FDA Sounding Off About 'Alarm Fatigue' Coming From Medical Devices



To us when we’re in the hospital, it’s a welcome sound, that buzz. It signals the nurse that we need her. But imagine you’re surrounded every day, every hour by endless buzzing, beeping, and hissing. Do you think you’d hear any of it, after awhile?

That’s the disturbing conclusion the Food and Drug Administration (FDA) has come to, following a story last year in The Boston Globe that linked this “alarm fatigue” to hundreds of deaths.

The problem is that medical professionals can become desensitized to all the noises that medical devices make, and then miss those sounds that signify that a patient is in trouble.

So the FDA is taking steps to reduce this in hospitals “by intensifying its pre-market review of medical devices that sound alarms and could contribute to the desensitization of nurses,” according to a story by Liz Kowalczyk.

The Boston Globe reports that the agency is stepping up and adding to its training on alarm standards and alarm safety for its reviewers, those who check over 4,000 applications a year from manufacturers looking to be approved to sell their medical devices, including heart and oxygen monitors.

Instead of adding to the noise that alarms on such monitors and on medication pumps, ventilators, and beds make endlessly in hospitals, a top FDA device official has now hinted that “he wants to keep new products that do not serve an important function from needlessly adding to the cacophony,” writes Kowalczyk.
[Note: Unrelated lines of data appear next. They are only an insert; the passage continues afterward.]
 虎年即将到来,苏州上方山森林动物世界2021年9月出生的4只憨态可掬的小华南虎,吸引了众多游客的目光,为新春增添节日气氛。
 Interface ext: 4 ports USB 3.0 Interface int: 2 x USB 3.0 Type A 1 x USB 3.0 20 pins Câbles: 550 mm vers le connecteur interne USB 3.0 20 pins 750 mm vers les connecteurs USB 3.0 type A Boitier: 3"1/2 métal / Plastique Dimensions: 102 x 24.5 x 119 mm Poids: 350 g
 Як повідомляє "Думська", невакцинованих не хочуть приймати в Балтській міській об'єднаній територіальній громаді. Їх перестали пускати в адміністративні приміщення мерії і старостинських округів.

The national organization that accredits hospitals is also jumping in. Over the next few weeks, according to Kowalczyk , it will ask hospitals and nursing homes across the country to come up with “specific recommendations for reducing the number of hospital alarms sounding,” Kowalczyk reports.
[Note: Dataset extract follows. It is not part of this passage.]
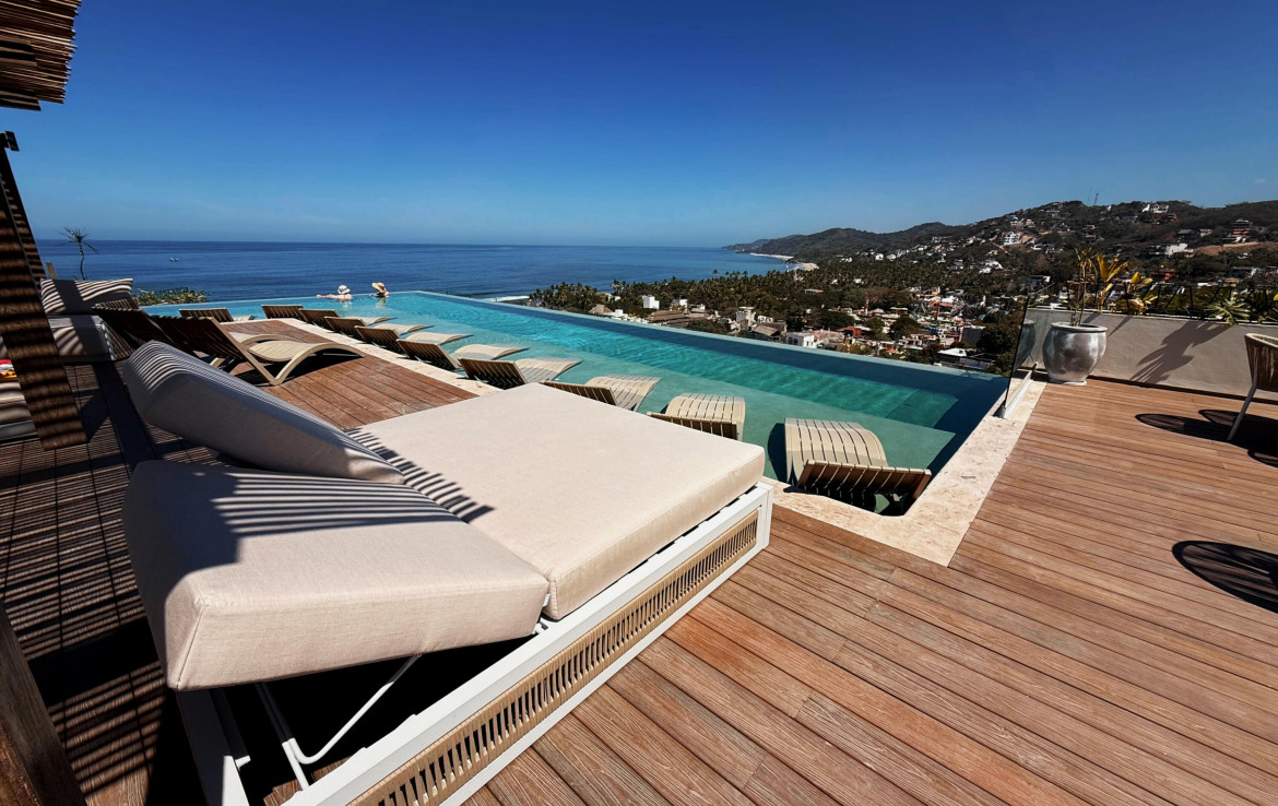 Unit 223 in Tower 2 is a sophisticated ocean-view, 2-bed, 2-bath residence on the second floor. It boasts an Italian-style kitchen with granite countertops and Parota wood cabinetry, an open living area, a king-size master suite and a queen-size second bedroom, modern baths with European-style fixtures, and contemporary finishes like marble flooring, mosaic accents, European PVC double-pane windows. Climate comfort is ensured by inverter minisplit AC and instant water heating. The terrace offers a serene ocean view, and the building’s upscale amenities–such as rooftop infinity pool and bar, hammock lounges, fitness and yoga deck, family pool, surfboard storage, co-working space, pet garden, and valet parking–complement the unit.

Dr. William Maisel, deputy director and chief scientist at the Center for Devices and Radiological Health,  and a cardiologist who previously worked at Beth Israel Deaconess Medical Center in Boston, told Kowalczyk that the FDA “is particularly focused on ‘new alarms trying to measure new things,’’ such as alarms that monitor various physiological functions at once.”

Manufacturers of these devices argue back that monitoring several vital signs at once gives clinicians a better picture of when a patient is in trouble, Kowalczyk writes, though many monitors do just measure one function, such as heart rate and rhythm.

FDA is also considering issuing guidelines to the medical device industry about its expectations on the use of alarms.